Apart from the pictures, every entry should be reproduced exactly.

**** THE DATA ****

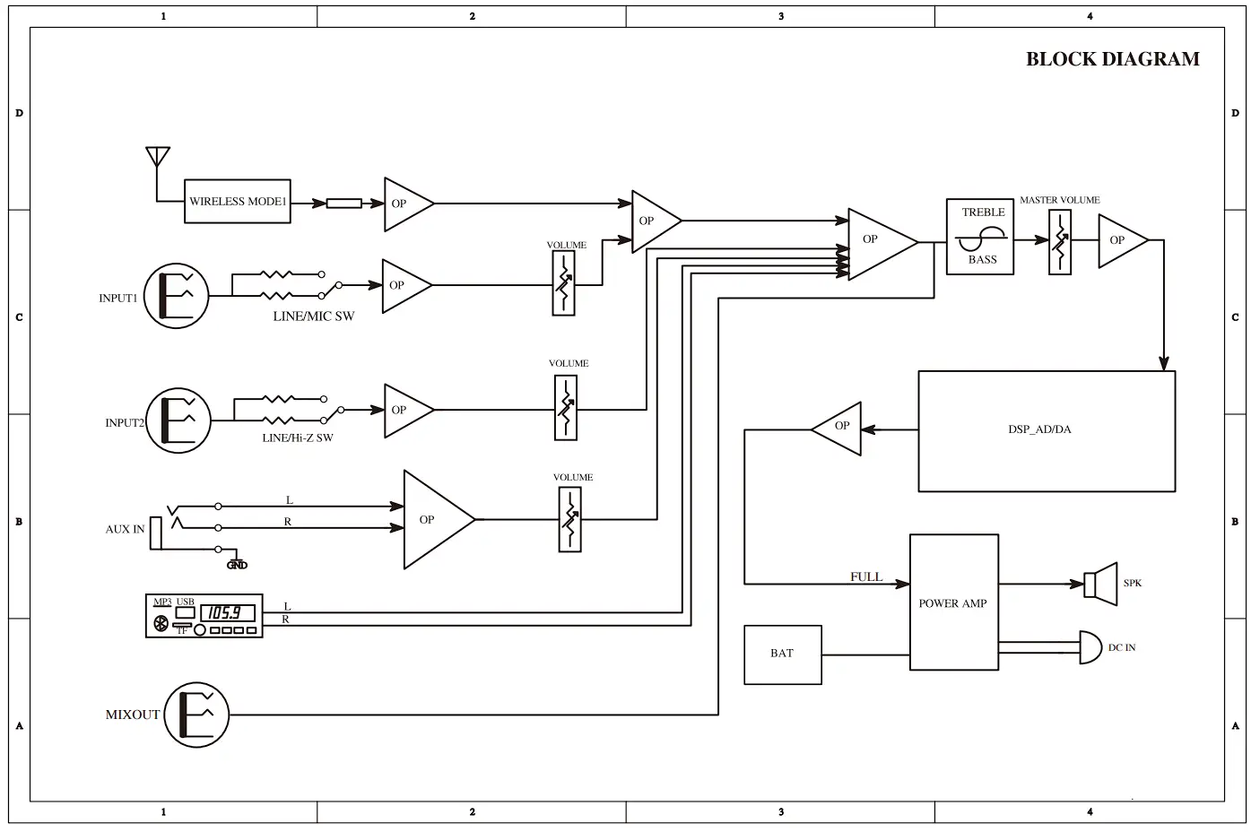 | Equalizer Controls | BASS: + 1 0dB (at 1 00Hz) / HIGH: + 1 0dBu (at 1 0KHz |
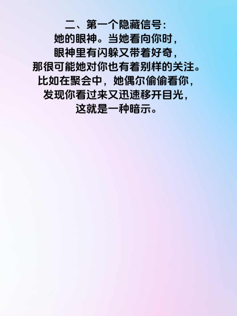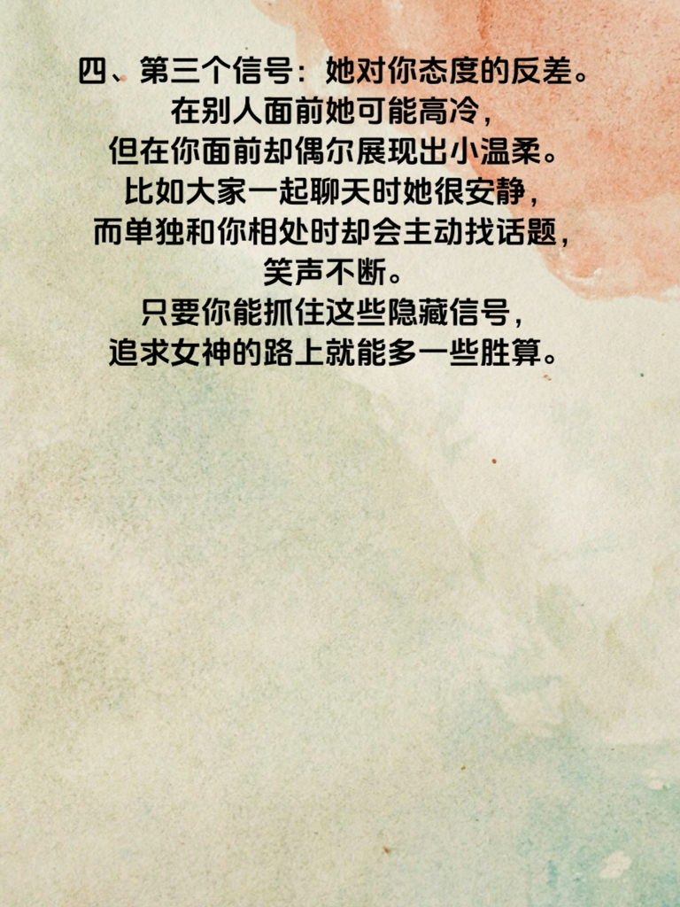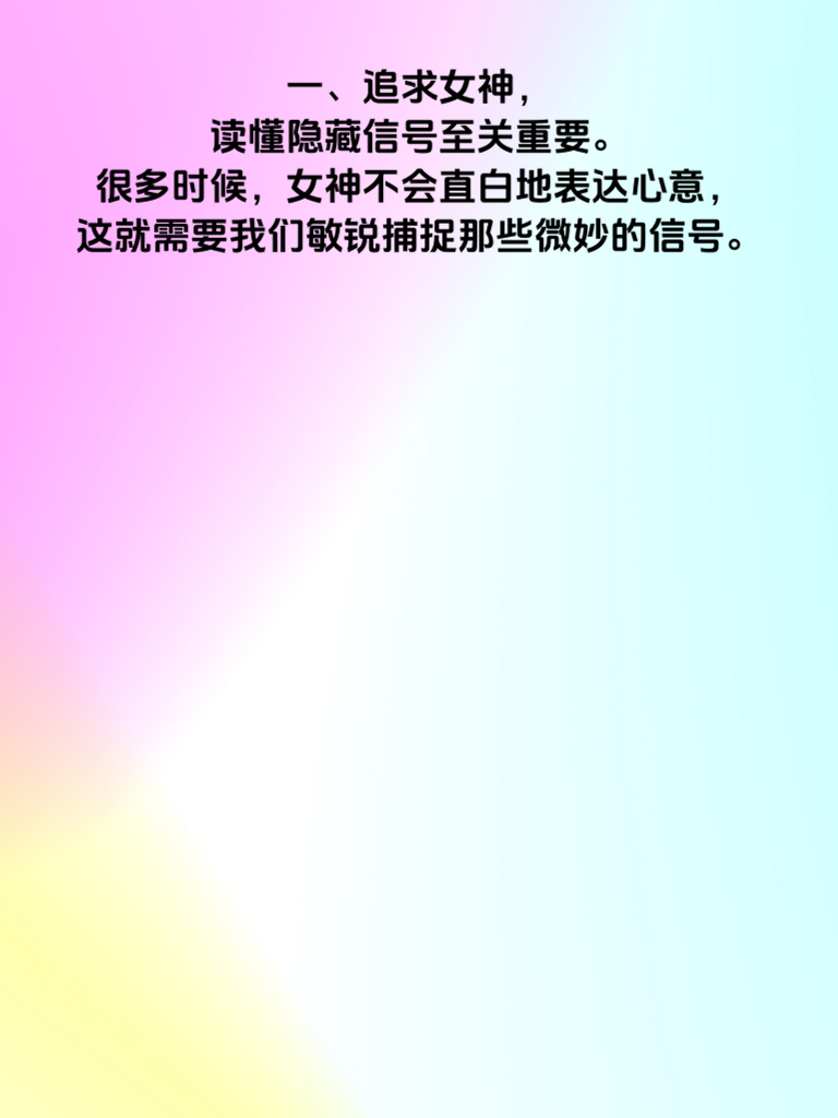 一、追求女神,读懂隐藏信号至关重要。很多时候,女神不会直白地表达心意,这就需要我们敏锐捕捉那些微妙的信号。 二、第一个隐藏信号:她的眼神。当她看向你时,眼神里有闪躲又带着好奇,那很可能她对你也有着别样的关注。比如在聚会中,她偶尔偷偷看你,发现你看过来又迅速移开目光,这就是一种暗示。 三、第二个信号:她的分享欲。如果她总是主动和你分享生活中的点滴,无论是有趣的事还是小烦恼,那说明她在心里已经把你当成特别的人。比如她会跟你讲今天遇到的可爱小动物,或者工作上的小困扰。 四、第三个信号:她对你态度的反差。在别人面前她可能高冷,但在你面前却偶尔展现出小温柔。比如大家一起聊天时她很安静,而单独和你相处时却会主动找话题,笑声不断。只要你能抓住这些隐藏信号,追求女神的路上就能多一些胜算。
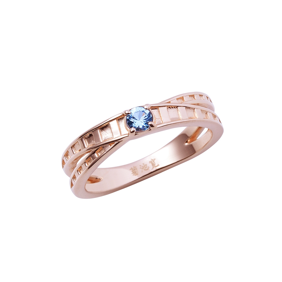 ピンクゴールドコーティングを施した表面にはイメージカラーストーン、
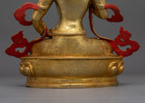 The Diamond Being Vajrasattva Statue, measuring 13.6" (Height) x 10.6" (Base) and weighing 3.55 kg, is crafted of solid copper, gilded in 24K gold, and decorated with bright gold and acrylic paints. This artwork, created by talented Nepalese artisans, shows Himalayan workmanship and is an excellent centerpiece for altars, meditation rooms, or spiritual decor.
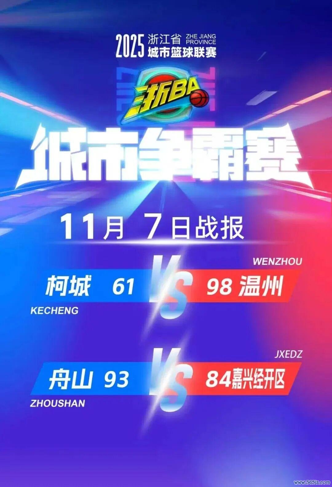 11月7日晚,“浙BA”城市争霸赛A组第十三轮比赛继续,温州队客场对阵柯城队、舟山队主场对阵嘉兴经开区队。最终,温州保捏不败战绩,斩获十二连胜,舟山也愈战愈勇,拿下四连胜。

****

*RESPONSE TO THE TASK:*
 | Equalizer Controls | BASS: + 1 0dB (at 1 00Hz) / HIGH: + 1 0dBu (at 1 0KHz |
 一、追求女神,读懂隐藏信号至关重要。很多时候,女神不会直白地表达心意,这就需要我们敏锐捕捉那些微妙的信号。 二、第一个隐藏信号:她的眼神。当她看向你时,眼神里有闪躲又带着好奇,那很可能她对你也有着别样的关注。比如在聚会中,她偶尔偷偷看你,发现你看过来又迅速移开目光,这就是一种暗示。 三、第二个信号:她的分享欲。如果她总是主动和你分享生活中的点滴,无论是有趣的事还是小烦恼,那说明她在心里已经把你当成特别的人。比如她会跟你讲今天遇到的可爱小动物,或者工作上的小困扰。 四、第三个信号:她对你态度的反差。在别人面前她可能高冷,但在你面前却偶尔展现出小温柔。比如大家一起聊天时她很安静,而单独和你相处时却会主动找话题,笑声不断。只要你能抓住这些隐藏信号,追求女神的路上就能多一些胜算。
 ピンクゴールドコーティングを施した表面にはイメージカラーストーン、
 The Diamond Being Vajrasattva Statue, measuring 13.6" (Height) x 10.6" (Base) and weighing 3.55 kg, is crafted of solid copper, gilded in 24K gold, and decorated with bright gold and acrylic paints. This artwork, created by talented Nepalese artisans, shows Himalayan workmanship and is an excellent centerpiece for altars, meditation rooms, or spiritual decor.
 11月7日晚,“浙BA”城市争霸赛A组第十三轮比赛继续,温州队客场对阵柯城队、舟山队主场对阵嘉兴经开区队。最终,温州保捏不败战绩,斩获十二连胜,舟山也愈战愈勇,拿下四连胜。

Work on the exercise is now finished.